Given information:
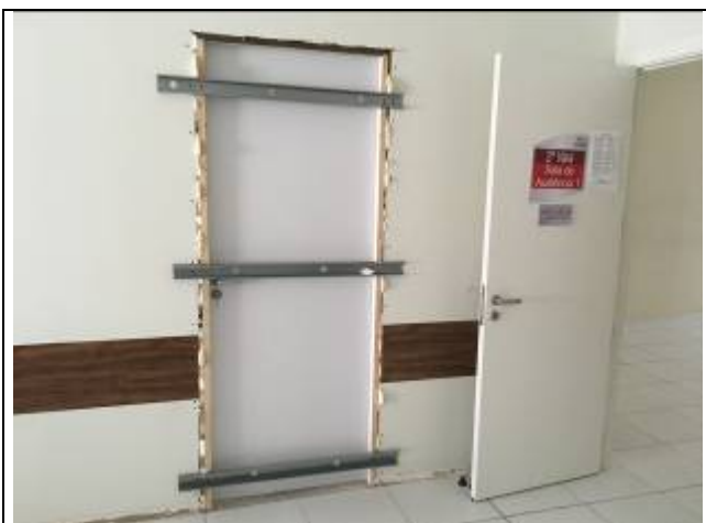
Figura 01: Abertura de vão para instalação de porta.
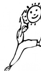
Théâtre de la Clarté

La proposition a évidemment pour finalité supplémentaire la mise en place d'une représentation en fin d'année, celle-ci veille à mettre en valeur la personnalité de chacun, en fonction de ce qu'il est et fera prévaloir le groupe sur l'individu. La base d'un texte classique est adaptée en conséquence à cette fin.
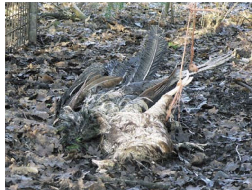
De vangkooi voor vossen met een dode fazant en dode kip als lokaas.
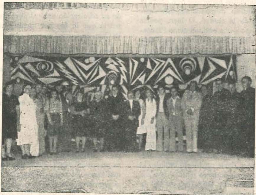
Homenaje en el Liceo

e)- Que es un deber de entidades como las "BRIGADAS CIVICAS Y JUVENILES", exaltar las virtudes y loar los ejemplos cívicos de los prominentes hijos de El Santuario,
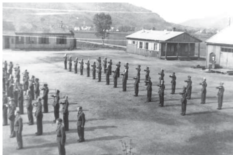
Eksersis med blanke spadar. Bak bjørka kan ein skimte bygningen med kaféen der forfattere vaks opp. Brakkene er frå venstre: matsalen, vaktbrakka med “fengsel” og litt av depotbrakka.
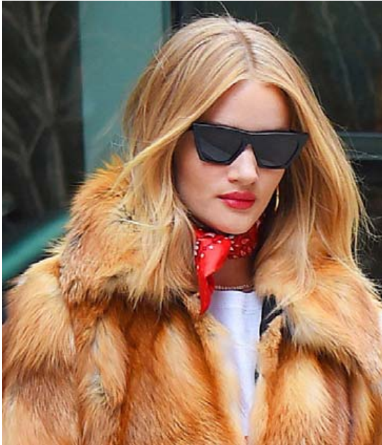
Rosie Huntington-Whiteley tekur sig vel út í þessum fallega skinnjakka.

Vetrarhörkur eru tíðar í New York borg. Stjörnurnar fara ekki varhluta af þeim og þurfa að klæða sig eftir veðri þegar þær spóka sig á götum Manhattan. Eins og með allt annað gera þær það með stæl.
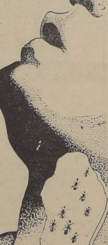
ESE HORMIGUEDO QUE NO DEJA VIVIR

Ciudad del Vaticano. — Según se ha sabido en una fuente eclesialística digna de toda fe se han iniciado negociaciones para llegar a un nuevo arreglo entre el Vaticano e Italia respecto de la disputa sobre la Acción Católica, promovida por la reciente campaña antisemítica de Italia.
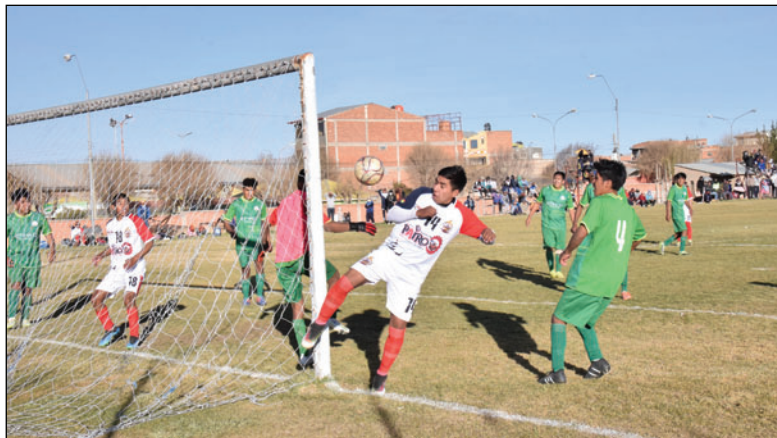
Varios equipos todavía tienen que regularizar su documentación

El certamen corresponde a la temporada 2025 y ofrece premios a los dos primeros lugares, con la clasificación a la Copa "Simón Bolívar" de este año. En representación de Oruro, ya se encuentran seis clubes clasificados desde el torneo de la AFO categoría Primera "A", lo que convierte al campeonato provincial en un paso clave para ampliar la representación departamental en el certamen nacional.

Instructions for the task:
Output exactly the lines of the listing above that start with the one holding "Homenaje en el Liceo" and go on through the one holding "Varios equipos todavía"; leave the pictures out.

Exercise solution:
Homenaje en el Liceo

e)- Que es un deber de entidades como las "BRIGADAS CIVICAS Y JUVENILES", exaltar las virtudes y loar los ejemplos cívicos de los prominentes hijos de El Santuario,
Eksersis med blanke spadar. Bak bjørka kan ein skimte bygningen med kaféen der forfattere vaks opp. Brakkene er frå venstre: matsalen, vaktbrakka med “fengsel” og litt av depotbrakka.
Rosie Huntington-Whiteley tekur sig vel út í þessum fallega skinnjakka.

Vetrarhörkur eru tíðar í New York borg. Stjörnurnar fara ekki varhluta af þeim og þurfa að klæða sig eftir veðri þegar þær spóka sig á götum Manhattan. Eins og með allt annað gera þær það með stæl.
ESE HORMIGUEDO QUE NO DEJA VIVIR

Ciudad del Vaticano. — Según se ha sabido en una fuente eclesialística digna de toda fe se han iniciado negociaciones para llegar a un nuevo arreglo entre el Vaticano e Italia respecto de la disputa sobre la Acción Católica, promovida por la reciente campaña antisemítica de Italia.
Varios equipos todavía tienen que regularizar su documentación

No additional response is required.